Untuk yang terakhir ini, kita dapat belajar dari keberadaan lembaga MentorNet di AS. MentorNet (www.advancingwomen.com/wk_mentornet.html) adalah program penasehat nasional industri elektronik untuk perempuan, baik untuk yang telah menyelesaikan atau pun tidak menyelesaikan pendidikan, dalam bidang sains dan teknik.

Lembaga ini membuat suatu hubungan antara siswa dan mentor sukarela dari industri serta perusahaan tertentu melalui kontak dengan surat elektronik (e-mail). Proses yang diperoleh dari pengalaman profesional dan relawan ini membantu siswa dalam memperoleh wawasan mengenai karier, bimbingan belajar dan nasehat yang didasarkan pada pengalaman, dukungan, semangat dan akses terhadap jaringan profesional.
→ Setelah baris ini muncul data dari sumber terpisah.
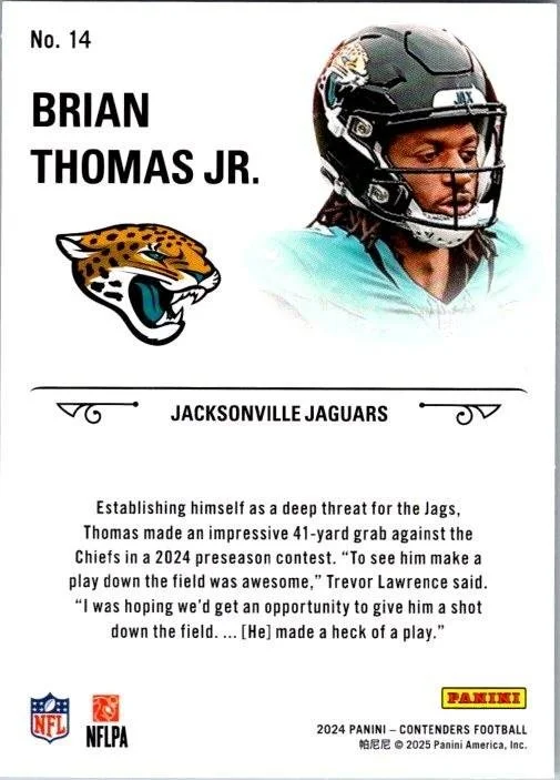 This is a nice example of a 2024 Panini Contenders #14 Brian Thomas Jr. Rookie Stallions
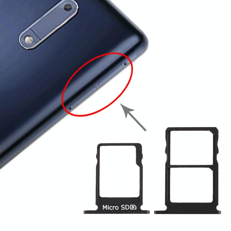 SIM Card Tray + SIM Card Tray + Micro SD Card Tray for Nokia 5 / N5 TA-1024 TA-1027 TA-1044 TA-1053 (Black)

Untuk merespons perkembangan teknologi informasi yang cepat, peranserta Kartini-Kartini muda kita adalah keniscayaan. Oleh karena itu, pendidikan dan karier di bidang teknologi informasi ini harus ditumbuhsuburkan sejak dini. Kalangan guru, orang tua dan mentor, dituntut memberikan informasi dan perilaku yang tepat guna menyemaikan benih-benih ketertarikan terhadap teknologi informasi yang secara naluriah dimiliki oleh siswa laki-laki atau pun perempuan.

Janganlah hanya karena kekolotan pemahaman, kepicikan dan kebutaan kita terhadap masa depan, berakibat sangat fatal di mana jutaan Kartini-Kartini muda kita terbunuh peluangnya untuk berkiprah di dunia teknologi informasi justru diawali ketika mereka duduk di bangku sekolah ! ***


Bambang Haryanto, konsultan komunikasi. Alumnus Universitas Indonesia.